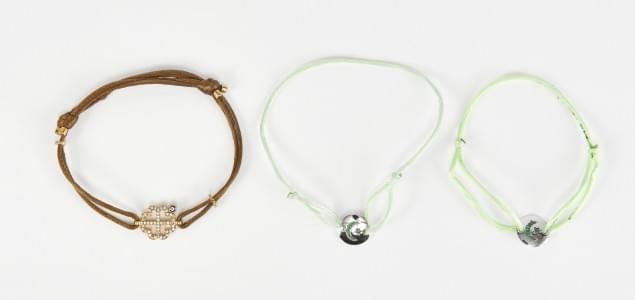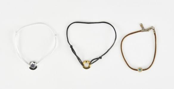 3219. Lot de trois bracelets sur cordon, l'un retenant un motif "œil",...
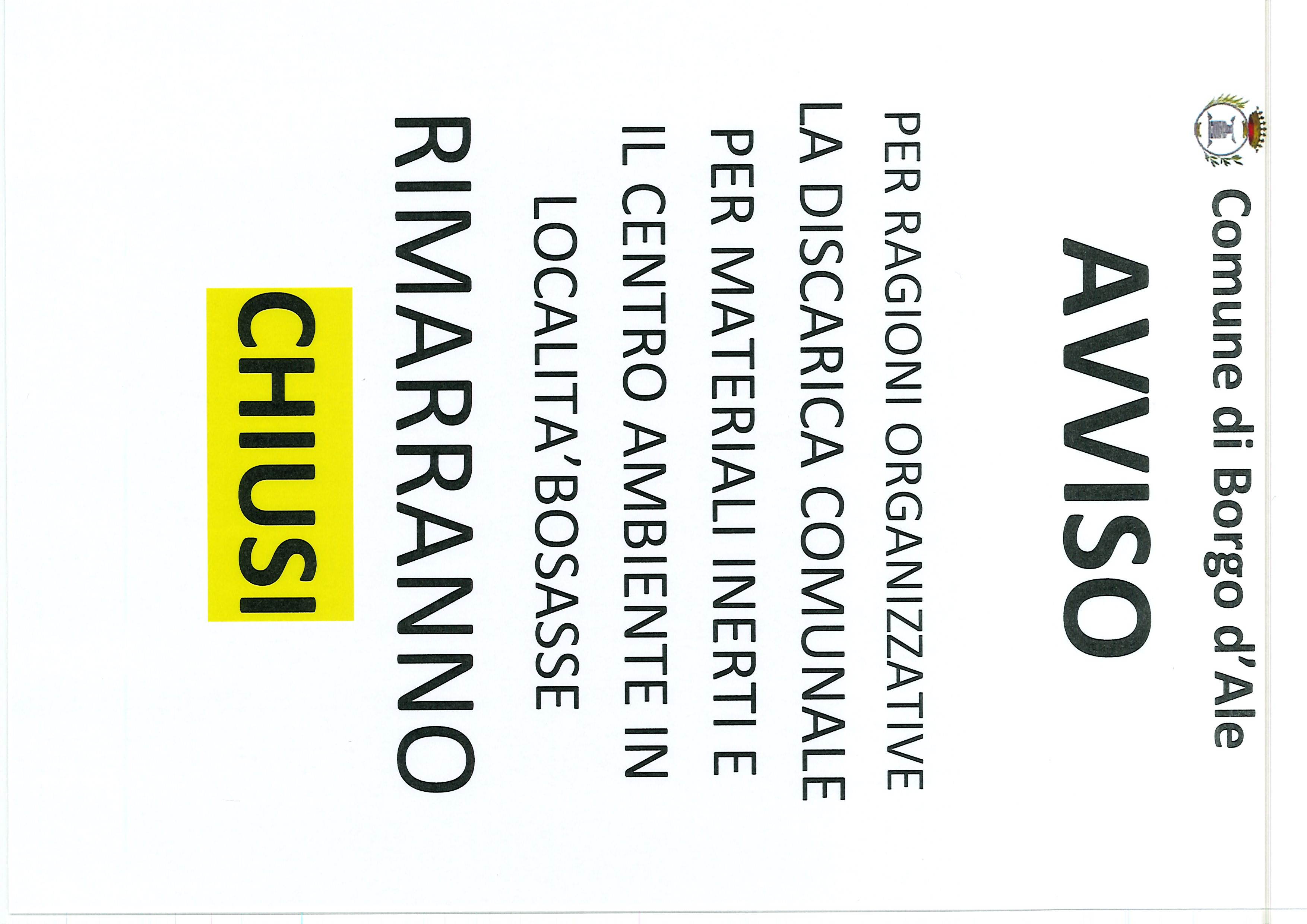 Si informa che, per ragioni organizzative, la discarica comunale per materiali inerti ed il centro ambiente in Località Bosasse rimarranno chiusi.
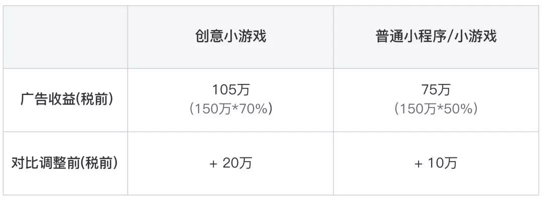 示例:假设单日广告收入流水为150万元,那么创意小游戏及普通小程序/小游戏的收益情况如下。注:创意小游戏是指在玩法、美术、剧情、音乐方面拥有高创新性的小游戏,在其名称下方有独有的“创意”标识。
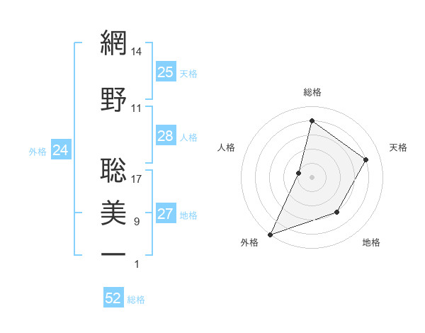 網野 聡美一さんの総格は52画の4点
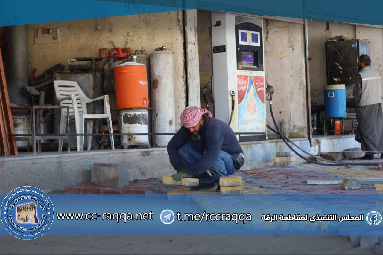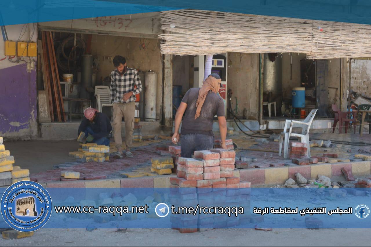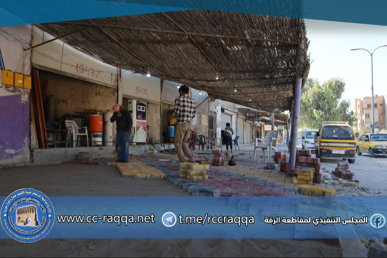 وسيتم فرش طبقة من الرمل فوق البلاط ومن ثم دحله بعد الانتهاء من التركيب، لإضفاء مظهر جمالي وتنظيمي على الحي وتسهيل حركة الأهالي.
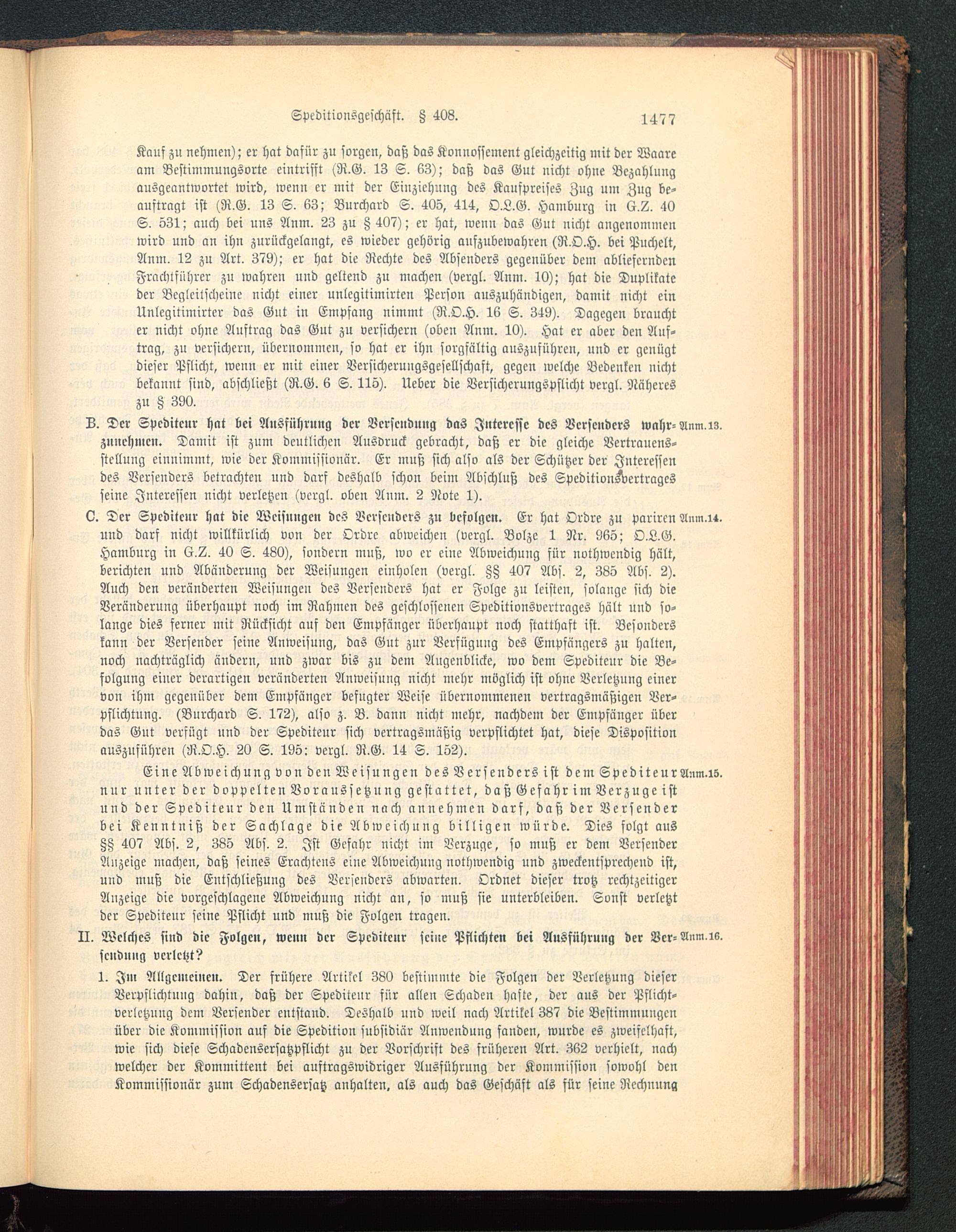Eine Abweichung von den Weisungen des Versenders ist dem SpediteurAnm.is.nur unter der doppelten Voraussetzung gestattet, daß Gefahr im Verzüge istund der Spediteur den Umständen nach annehmen darf, daß der Versenderbei Kenntniß der Sachlage die Abweichung billigen würde. Dies folgt ausZZ 407 Abf. 2, 385 Abs. 2. Ist Gefahr nicht im Verzüge, so muß er dem VersenderAnzeige machen, daß seines Erachtens eine Abweichung nothwendig und zweckentsprechend ist,und muß die Entschließung des Versenders abwarten. Ordnet dieser trotz rechtzeitigerAnzeige die vorgeschlagene Abweichung nicht an, so muß sie unterbleiben. Sonst verletztder Spediteur seine Pflicht und muß die Folgen tragen.II. Welches siud die Folgen, wenn der Spediteur seine Pflichten bei Ausführung der Vcr-Anm.is.fcudu»g verletzt?
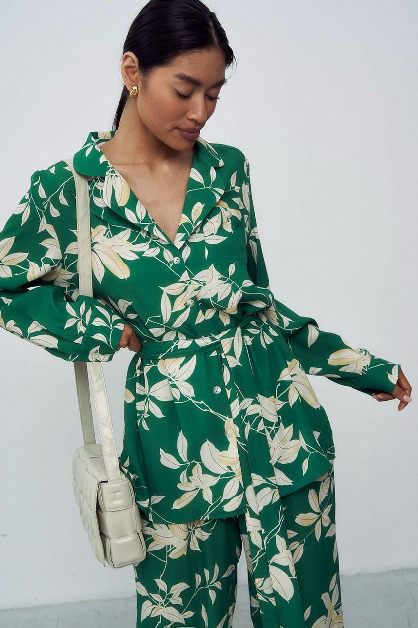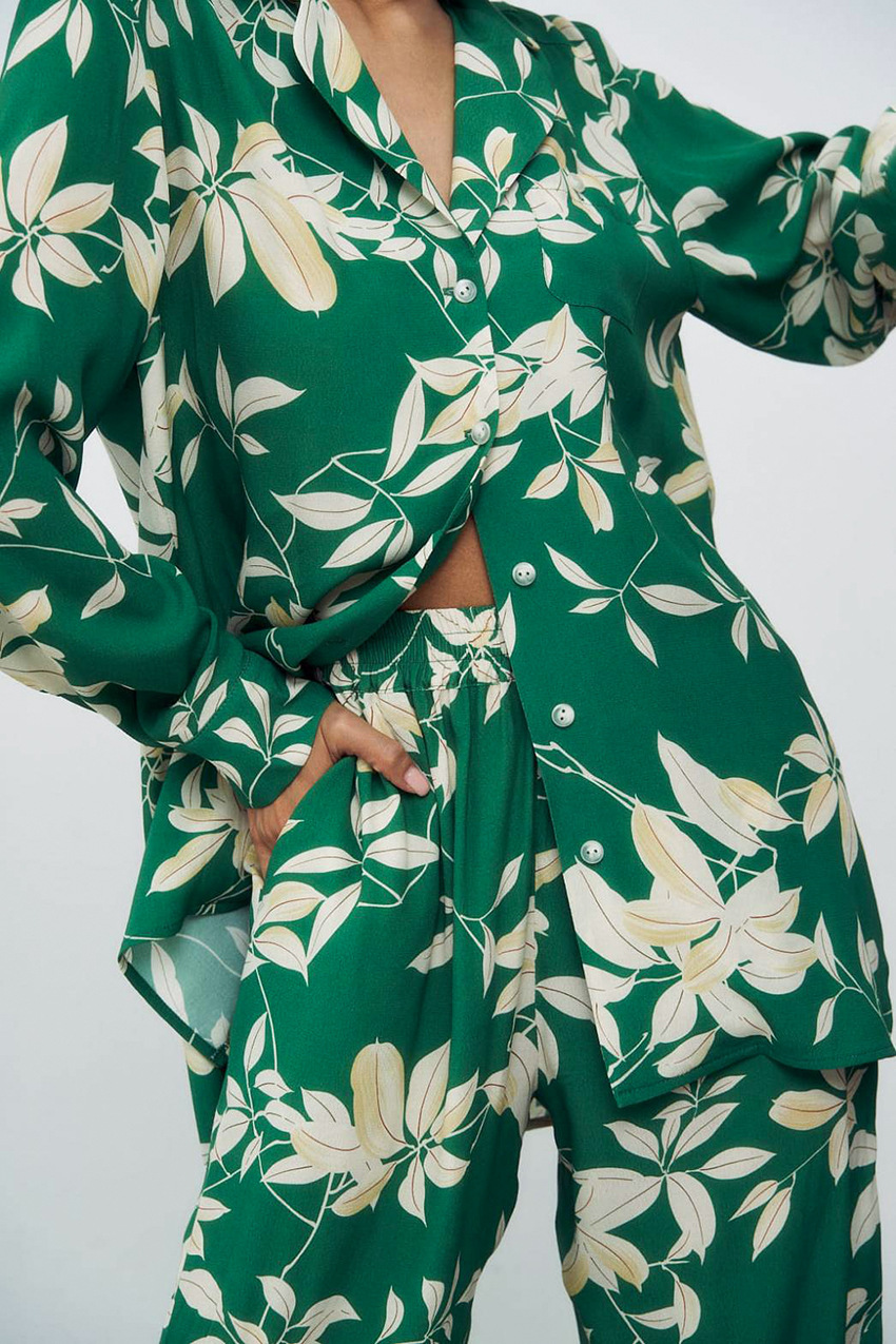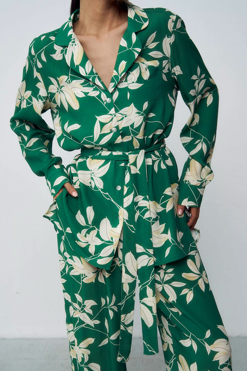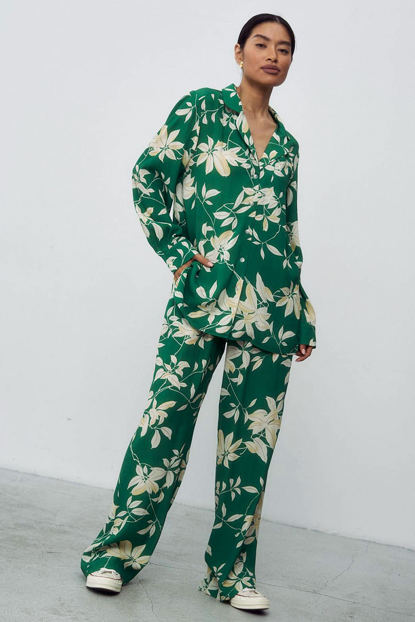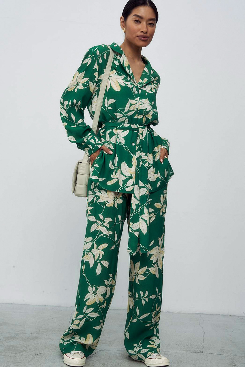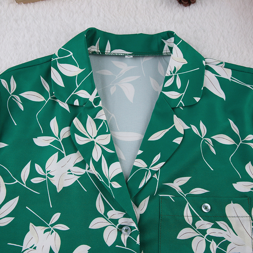 Pyjama imprimé chemise de nuit, pantalon de pyjama, ensemble deux pièces, couleur contrastée, élégant, pour la maison, peut être porté à l'extérieur

----------------

About this exercise:
Copy the entries character for character, excluding any pictures.

Written answer:
 3219. Lot de trois bracelets sur cordon, l'un retenant un motif "œil",...
 Si informa che, per ragioni organizzative, la discarica comunale per materiali inerti ed il centro ambiente in Località Bosasse rimarranno chiusi.
 示例:假设单日广告收入流水为150万元,那么创意小游戏及普通小程序/小游戏的收益情况如下。注:创意小游戏是指在玩法、美术、剧情、音乐方面拥有高创新性的小游戏,在其名称下方有独有的“创意”标识。
 網野 聡美一さんの総格は52画の4点
 وسيتم فرش طبقة من الرمل فوق البلاط ومن ثم دحله بعد الانتهاء من التركيب، لإضفاء مظهر جمالي وتنظيمي على الحي وتسهيل حركة الأهالي.
Eine Abweichung von den Weisungen des Versenders ist dem SpediteurAnm.is.nur unter der doppelten Voraussetzung gestattet, daß Gefahr im Verzüge istund der Spediteur den Umständen nach annehmen darf, daß der Versenderbei Kenntniß der Sachlage die Abweichung billigen würde. Dies folgt ausZZ 407 Abf. 2, 385 Abs. 2. Ist Gefahr nicht im Verzüge, so muß er dem VersenderAnzeige machen, daß seines Erachtens eine Abweichung nothwendig und zweckentsprechend ist,und muß die Entschließung des Versenders abwarten. Ordnet dieser trotz rechtzeitigerAnzeige die vorgeschlagene Abweichung nicht an, so muß sie unterbleiben. Sonst verletztder Spediteur seine Pflicht und muß die Folgen tragen.II. Welches siud die Folgen, wenn der Spediteur seine Pflichten bei Ausführung der Vcr-Anm.is.fcudu»g verletzt?
 Pyjama imprimé chemise de nuit, pantalon de pyjama, ensemble deux pièces, couleur contrastée, élégant, pour la maison, peut être porté à l'extérieur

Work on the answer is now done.